Companies - Harassment - Interpretation

Kosar v Bank of Scotland Plc (t/a Halifax): QBD (Admin) (Mr Justice Silber): 18 January 2011

The appellant (K) appealed by way of case stated against a district judge’s decision that the offence of harassment under section 2(1) of the Protection from Harassment Act 1997 could only be committed by a person who was an individual against a person who was an individual.

K had brought proceedings against the respondent bank (B), alleging an offence of harassment.

The judge ordered that the information be withdrawn on the grounds that it did not reveal an offence known in law.

The question posed for the court was whether section 7(5) of the act, which stated that ‘references to a person, in the context of the harassment of a person, were references to a person who was an individual’ precluded a company from committing a criminal offence of harassment, contrary to section 2(1).

K argued that section 7(5) only applied to victims and not to ­perpetrators.

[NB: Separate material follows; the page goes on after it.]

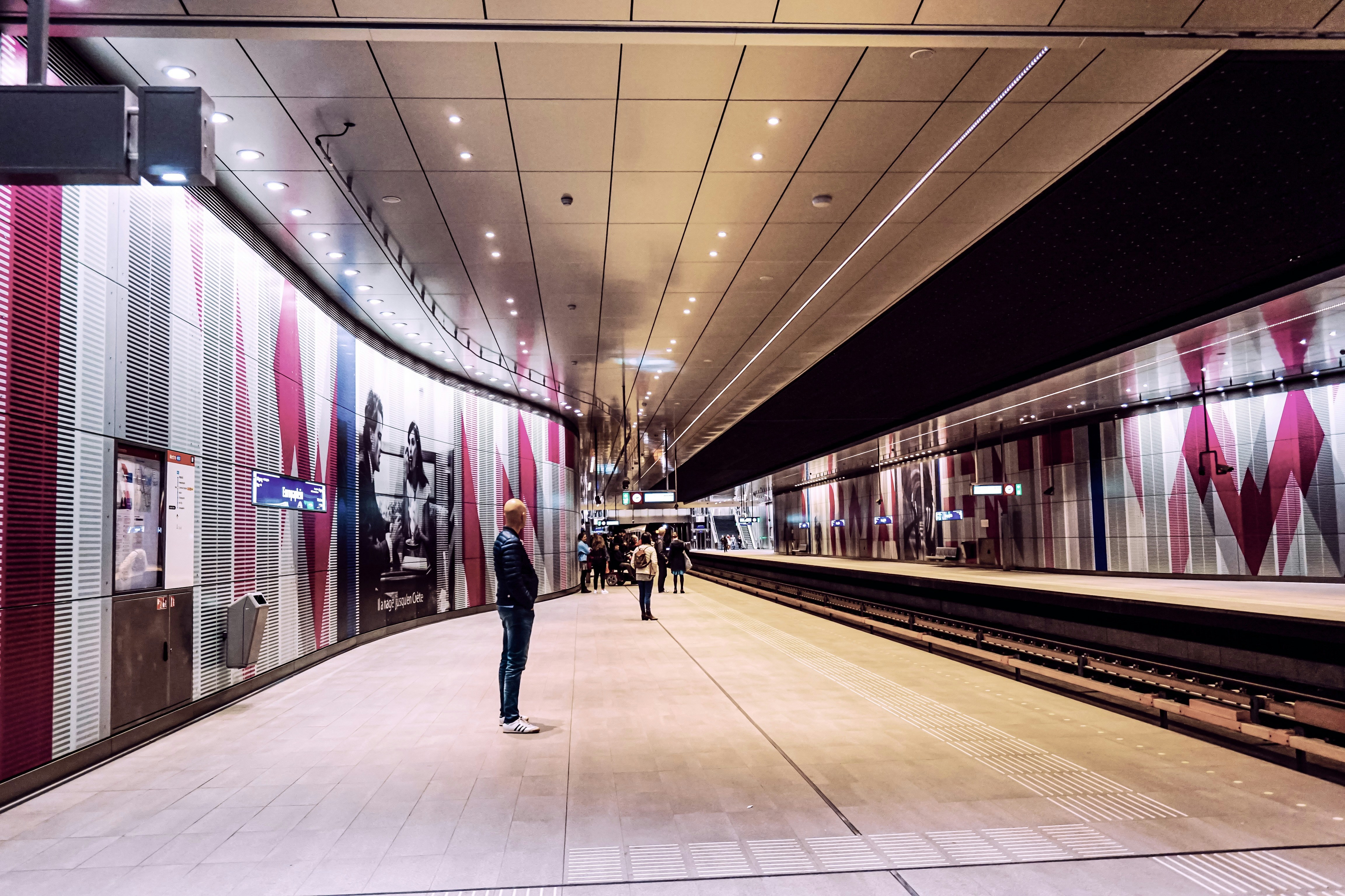 Inside Amsterdam metro station.
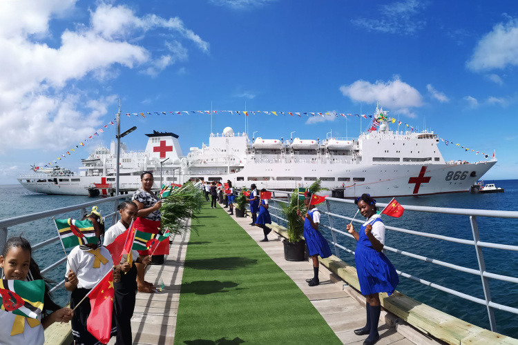 2018年10月12日,在多米尼克首都羅索,當(dāng)?shù)貙W(xué)生揮動(dòng)多中兩國國旗歡迎中國海軍和平方舟醫(yī)院船首次到訪。(新華社發(fā))

Held: (1) The Interpretation Act 1978, in a combination of schedule 1 and part 1, provided that, unless a contrary intention was shown, ‘the word "person" included a body corporate or incorporate’.

Section 7(5) of the 1997 act clearly constituted a ‘contrary intention’, therefore the issue in the present appeal was whether section 7(5) applied to the perpetrator of the act so as to negate the provision in schedule 1 of the 1978 act (see paragraph 5 of judgment).

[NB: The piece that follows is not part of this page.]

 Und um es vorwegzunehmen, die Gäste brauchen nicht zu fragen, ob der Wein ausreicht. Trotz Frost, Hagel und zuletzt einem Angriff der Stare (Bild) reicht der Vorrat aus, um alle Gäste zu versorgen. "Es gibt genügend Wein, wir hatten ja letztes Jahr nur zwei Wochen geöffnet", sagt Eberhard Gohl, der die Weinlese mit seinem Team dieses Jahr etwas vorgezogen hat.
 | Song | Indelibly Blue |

(2) For the following reasons, the section 7(5) limitations only applied in relation to victims.

First, section 7(5) only changed the rule of the 1978 act as it applied to ‘harassment of a person’.

That meant a victim, and the legislator specifically did not apply that provision to a perpetrator, with the result that the presumption in the 1978 act still applied and had not been ousted.

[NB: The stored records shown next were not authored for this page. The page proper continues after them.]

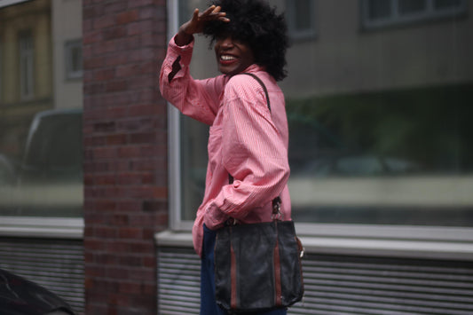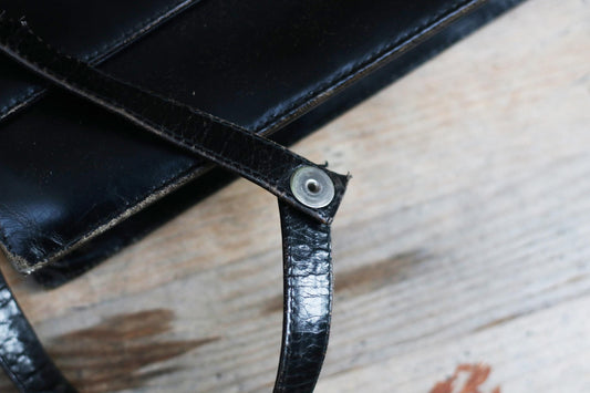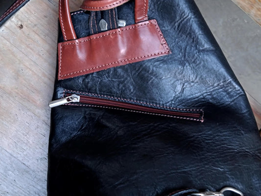 Italian Vintage Leather Crossbody Bag| 90s Handmade Black Purse with Brown Accents| Minimalist Shoulderbag with Adjustable Straps
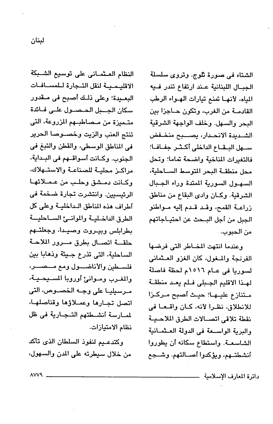وعندما انتهت المخاطر التى فرضها الفرنجة والمغول، كان الغزو العثمانى لسوريا فى عام 1516 م لحظة فاصلة لهذا الإقليم الجبلى فلم يعد منطقة متنازع عليها؛ حيث أصبح مركزا للانطلاق، نظرا لأنه، كان واقعا فى نقطة تلاقى اتصالات الطرق الملاحية والبرية الواسعة فى الدولة العثمانية الشاسعة. واستطاع سكانه أن يطوروا أنشطتهم، ويؤكدوا أصالتهم. وشجع النظام العثمانى على توسيع الشبكة الاقليمية لنقل التجارة للمسافات البعيدة؛ وعلى ذلك أصبح فى مقدور سكان الجبل الحصول على فائدة متميزة من مصاطبهم المزروعة، التى تنتج العنب والزيت وخصوصا الحرير فى المناطق الوسطى، والقطن والتبغ فى الجنوب. وكانت أسواقهم فى البداية، مراكز محلية للصناعة والاستهلاك، وكانت دمشق وحلب من عملائها الرئيسيين. وانتشرت تجارة ضخمة فى أطراف هذه المناطق الداخلية وعلى كل الطرق الداخلية والموانئ الساحلية بطرابلس وبيروت وصيدا، وجعلتهم حلقة اتصال بطرق مرور الملاحة الساحلية، التى تذرع جيئة وذهابا بين فلسطين والأناضول ومع مصر، والمغرب وموانئ أوروبا المسيحية، مرسيليا على وجه الخصوص، التى اتصل تجارها وعملاؤها وقناصلها، لممارسة أنشطتهم التجارية فى ظل نظام الامتيازات.
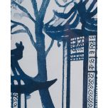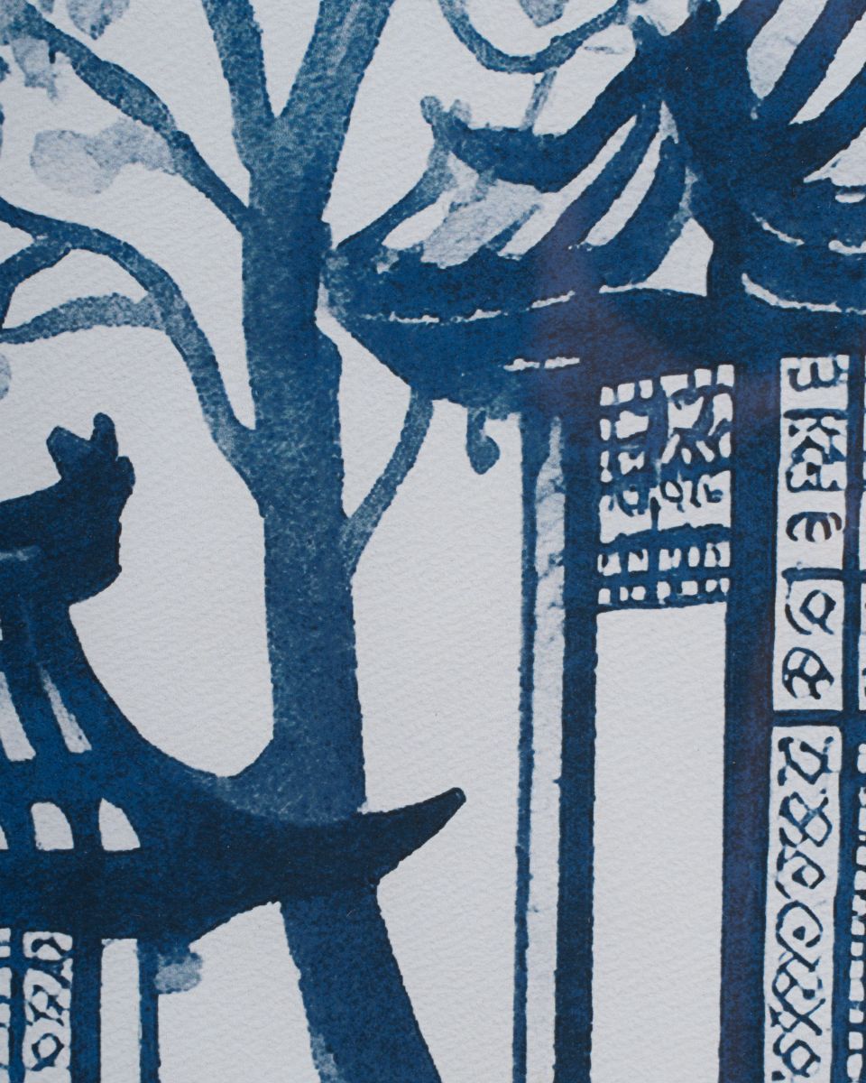 - Features a detailed illustration of two striking blue pagodas set amongst trees and lush foliage
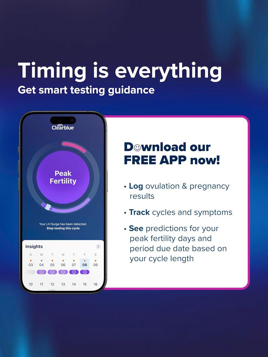 Clearblue tarjoaa maksuttoman Clearblue Period & Cycle Tracker -sovelluksen, jonka avulla voit seurata kuukautiskiertoasi ja kirjata ovulaatiotestien tuloksia helposti yhteen paikkaan. Sovellus auttaa ennustamaan hedelmälliset päivät ja kuukautisten alkamisen sekä antaa selkeän yleiskuvan omasta kierrostasi. Yhdessä Clearblue Digital Ovulaatiotestin kanssa sovellus tekee raskauden suunnittelusta entistä järjestelmällisempää ja helpompaa.Pakkaus sisältää: Digitaalisen testilaitteen ja 30 kpl testipuikkoja
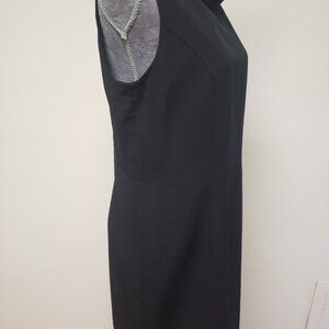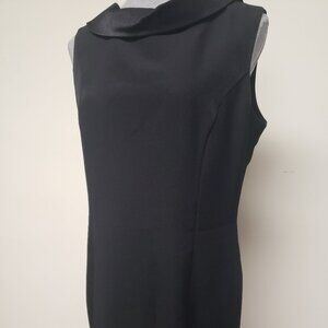 Make a quiet statement in this Jackie "O" inspired black sheath dress with black satin tie is a stunning classic. Has a back vent and is fully-lined. Measurements are: 34" long; 35.5" bust, and 37.5 at the hip.
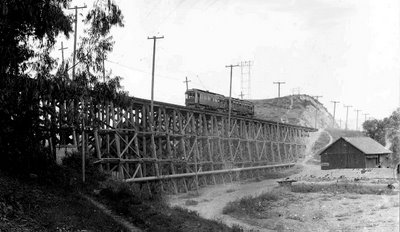 A website called http://redcarproperty.blogspot.com/ has pictures of the Red Car line, including the viaduct (above), but it takes a pretty enormous feat of the imagination to picture exactly how this fits with the current topography. As you see, at the time I was there someone was using the footings as bases for art works.
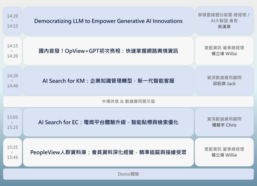 意藍資訊(6925)是國內首屈一指的AI智能數據代表廠商,2023年7月至9月,我們首次對外發表智能關鍵技術的系列活動,說明AI如何提供企業最即時的洞察及最精準的預測、引領企業邁向卓越。非常感謝共襄盛舉的貴賓們!
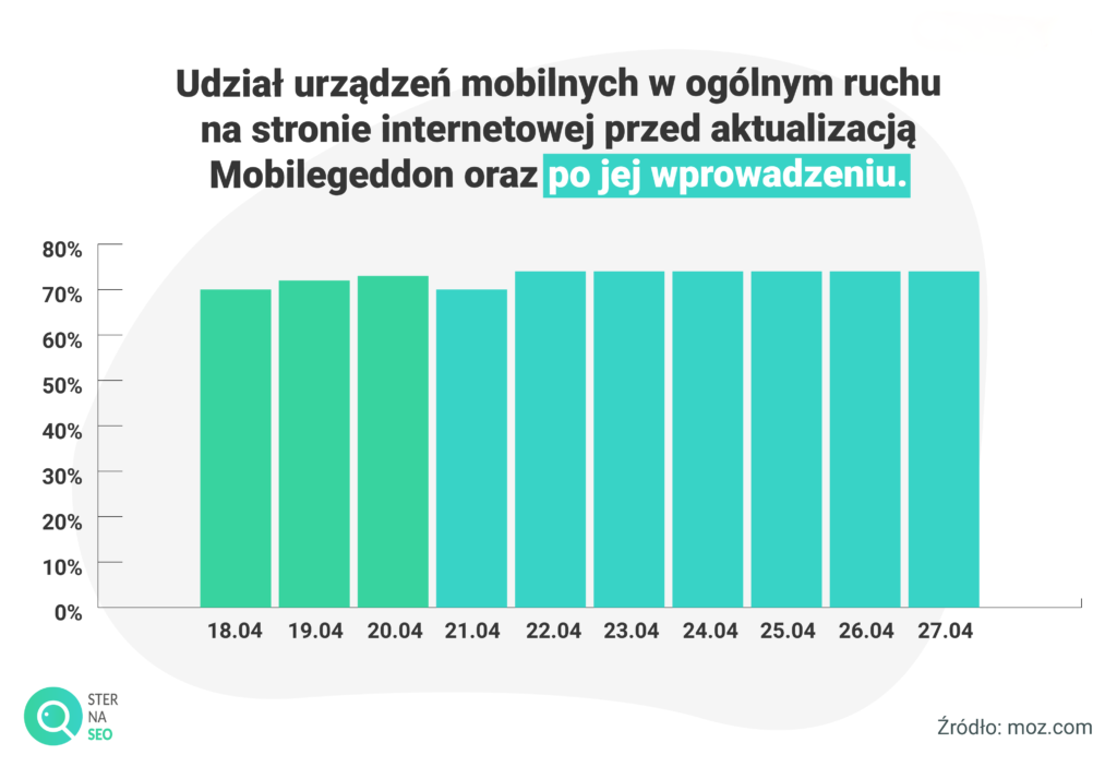 Właściciele stron internetowych funkcjonowali bez mobilnej wersji swojej witryny jeszcze jakiś czas po wprowadzeniu aktualizacji algorytmu Mobilegeddon. Okazuje się, że wbrew powszechnemu przekonaniu mówiącemu, iż stracą oni ponad 25 procent całkowitego ruchu, w rzeczywistości ruch ten nie zmalał aż tak bardzo. W przypadku części portali po wprowadzeniu aktualizacji algorytmu stronę nadal odwiedzało nawet kilka tysięcy użytkowników każdego dnia.

Second, if parliament had contended that only individuals could be liable as perpetrators, section 7(5) would have read something to the effect that ‘references to a person in the context of this provision are references to a person who is an individual’.

That was a wording which had not been used by the legislature.

Third, if parliament had intended that bodies corporate could not be victims but could be perpetrators, they would have adopted precisely the wording that had been used in section 7(5).

Accordingly, the question posed to the High Court had to be answered in the negative (paragraphs 6-10).

Appeal allowed.

Mr Vollenweider (instructed by Keith Park) for the appellant; no appearance or representation for the respondent.